In a FDAVoice blog post, CBER Director Peter Marks discusses the new designation for cell therapies that treat life-threatening diseases.
Peter Marks, MD, PhD, director of the Center for Biologics Evaluation and Research (CBER) announced in a FDAVoiceblog post, dated March 21, 2017, that the Regenerative Medicine Advanced Therapy (RMAT) Designation program had begun receiving designation requests from industry. The RMAT designation was created to help foster the development and expedite the approval of regenerative medicines that treat life-threatening diseases. Regenerative medicines include cell therapies, therapeutic tissue engineering products, human cell and tissue products, and combination products.
Sponsors requesting RMAT designation can do so with or after submission of an investigational new drug application. The designation gives sponsors earlier interactions with FDA, and the application may receive priority review and accelerated approval. According to Marks, “meetings with sponsors of RMAT-designated products may include discussions of whether accelerated approval would be appropriate based on surrogate or intermediate endpoints reasonably likely to predict long-term clinical benefit, or reliance upon data obtained from a meaningful number of sites.”

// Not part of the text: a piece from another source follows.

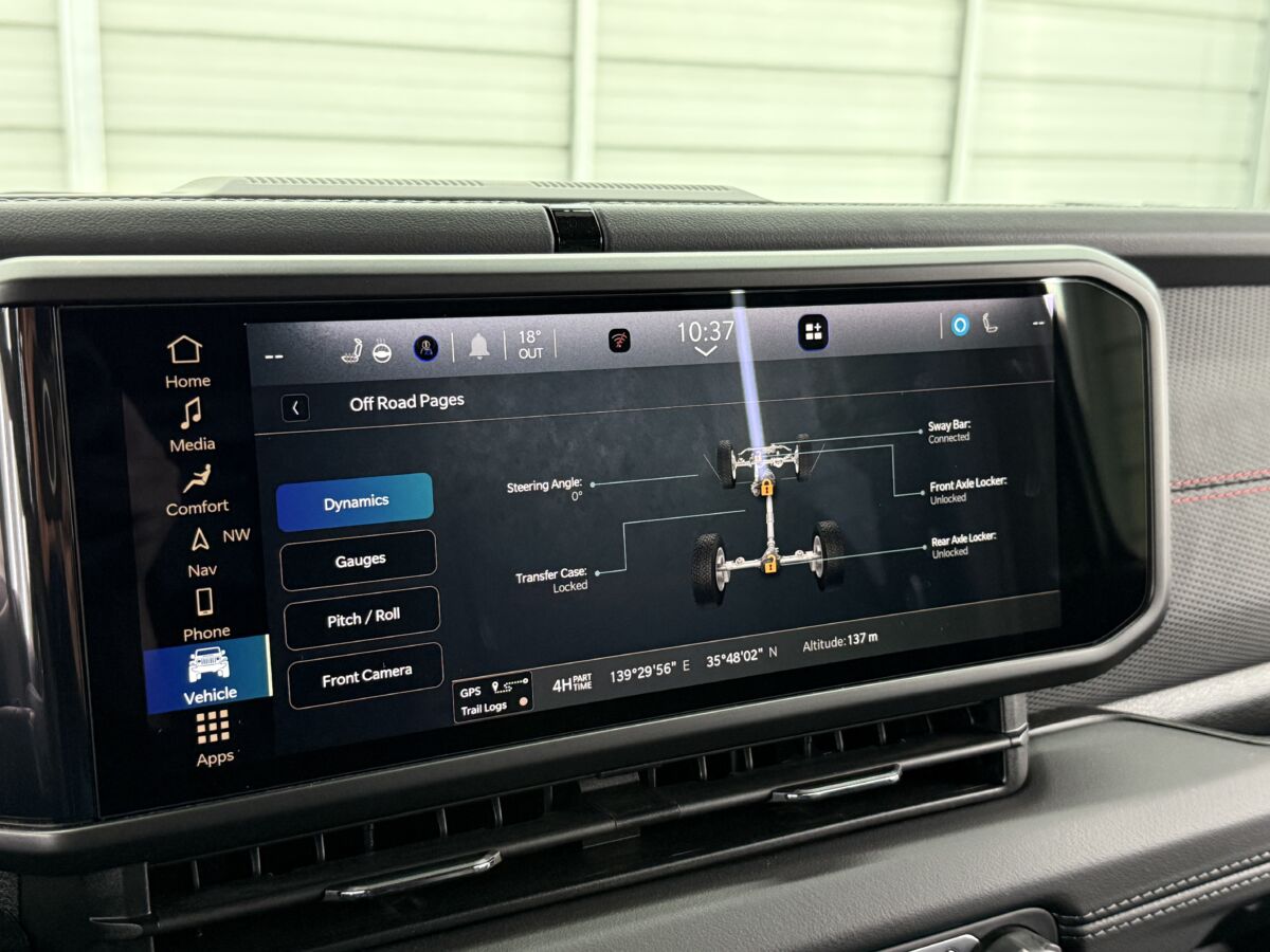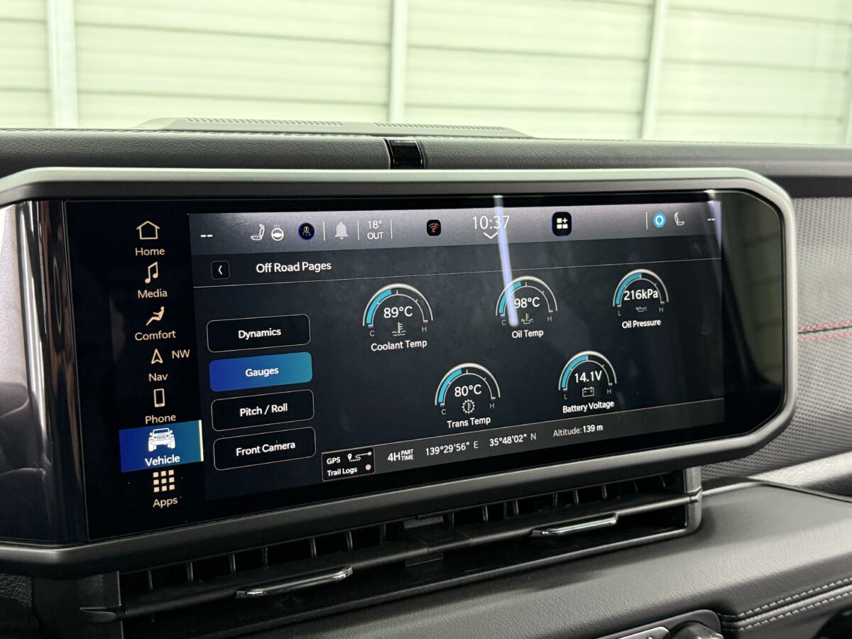 オフロードページではオフロード走行に関する車両情報をモニターで確認することが出来ます。オフロード競技など本格クロカン派の方にもおすすめです!

FDA may permit fulfillment of post-approval requirements under accelerated approval once a product receives RMAT designation. This fulfillment would come through “the submission of clinical evidence, clinical studies, patient registries, or other sources of real-world evidence such as electronic health records; through the collection of larger confirmatory datasets; or through post-approval monitoring of all patients treated with the therapy prior to approval.”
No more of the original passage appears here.